Linear Thinking LO22817

John Zavacki (jzavacki@greenapple.com)
Thu, 7 Oct 1999 06:01:03 -0400

Replying to LO22812 --

Was heist du das dinken? What is called thinking? What is thinking? Can
we think about thinking? If a tree falls on a mailing list, does it make a
sound?

I have received (and probably given) criticism for the teaching and the
use of tools which "promote linear thinking". If I remember correctly,
the method of choice is the brain is for the recently excited cell to send
out messages to other cells which either accept or reject them. The ones
which accept them most readily bond in a way that produces a "new" idea,
or at least a new holographic representation of something other than what
was there before the new stimulus arrived.

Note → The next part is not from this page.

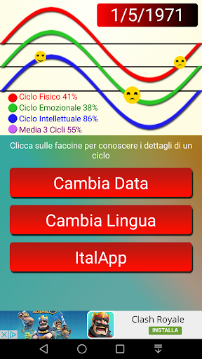 Bioritmo Pro è un calcolatore di cicli del bioritmo che ti permetterà di sapere ogni giorno le condizioni dei tuoi tre cicli primari, il ciclo fisico, il ciclo emozionale e il ciclo intellettuale.
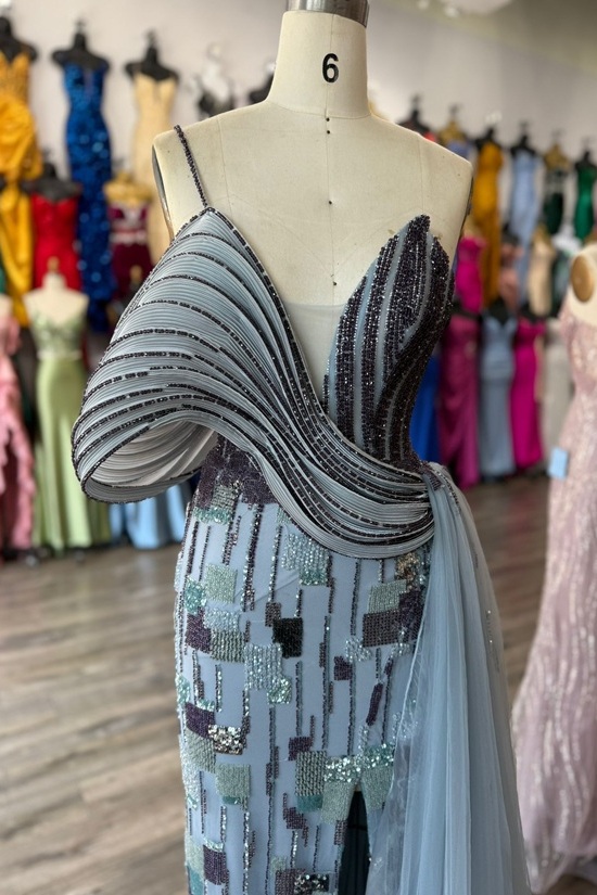 This exquisite fitted dress features an asymmetrical neckline with an elegant off-the-shoulder design and long,

This whole thing about linearity is somewhat absurd. At, who is very far
from what I assume the members of this thread are calling linear, uses
linear visuals to show very non linear meanings. The very medium in which
we communicate is linear. The problem is not linearity, is it? The
problem is nonrecursion. Sentences are linear, syntactically. Meanings
are not. Thinking is far from linear, it occurs in an irregularly shaped
geometry along pathways with constantly changing underpasses, overpasses,
bi and tri and quasi infinite furcations. Who is there among us who can
possibly even explain 'linearity' in thought? Language has multitudinous
recursions: the loop of the personal herneutic, the loop of the
specialist, the loop of the creative genius, the religious loop......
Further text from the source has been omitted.